Bonta’s ten-year tax plan for former residents recalls California’s 26-year campaign against Gilbert Hyatt, inventor of the first single-chip microprocessor in 1990. The invention earned Hyatt a lot of money, so he decamped from California, which taxes incomes, to Nevada, which does not. California’s pillage people, otherwise known as the Franchise Tax Board (FTB), claimed the inventor lied about his residency and socked him with a bill of $13.3 million in back taxes and penalties.

By August 2017, the FTB claimed interest had boosted Hyatt’s tax tab to a whopping $55 million. The case landed with California’s Board of Equalization, which ruled that Gilbert Hyatt was, in fact, a Nevada resident when California tax collectors charged him with lying about his residency. The final settlement in 2019 brought no new tax revenue to California, which wasted more than $25 million in pursuit of Hyatt.

The latest attempt at a “wealth tax” would doubtless have driven other creative, productive people out of the state.

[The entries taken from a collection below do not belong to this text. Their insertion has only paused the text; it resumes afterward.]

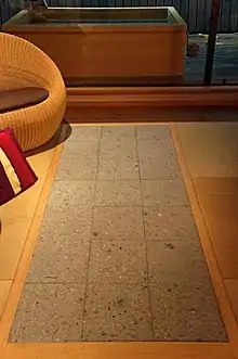 Body-sized stones, such as granite, are heated into the floor. Bathers lie clothed on the stones while their bodies gradually heat up.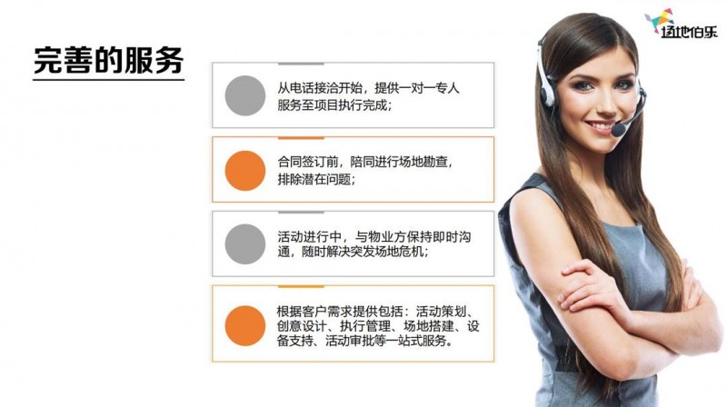 截至目前,平台上线活动场地10000+个,涵盖14种不同的空间类型,深度定制3大场地产品包,相关服务覆盖全国60+个城市。服务优势:全国性平台、多城市落地、一站式服务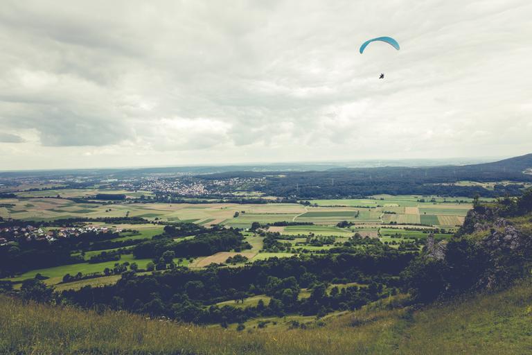 Keywords: paragliding fly float sky paraglider freedom summer sport flight kite airy clouds parasailing dragon fly parachute cloudiness glide walberla franconian switzerland ehrenbürg upper franconia swiss francs

In the internet age entrepreneurial people can become very wealthy by inventing useful products that people want to buy. For Bonta, however, wealth is simply “accumulated,” and the AG appointee seems to assume that all wealth confiscated by the state directly benefits the people, with little if any waste or fraud. True to form, the tax measure was cosponsored by the California Federation of Teachers, SEIU California (government employees), and the California Teachers Association.

Bonta seems unaware that California already imposes some of the highest income, sales, and corporate taxes in the nation. The highly volatile system, as veteran California commentator Dan Walters notes, “at best makes little sense in the 21st century and at worst could trigger a future fiscal meltdown.”

AB 2088 fizzled last summer, but it stands as a demonstration of government greed, which in California is truly fathomless. If Californians thought the state’s ruling class was unhinged, it would be hard to blame them.

The Assembly and Senate have up to 90 days to confirm Rob Bonta as state attorney general. The post is up for a vote of the people in 2022.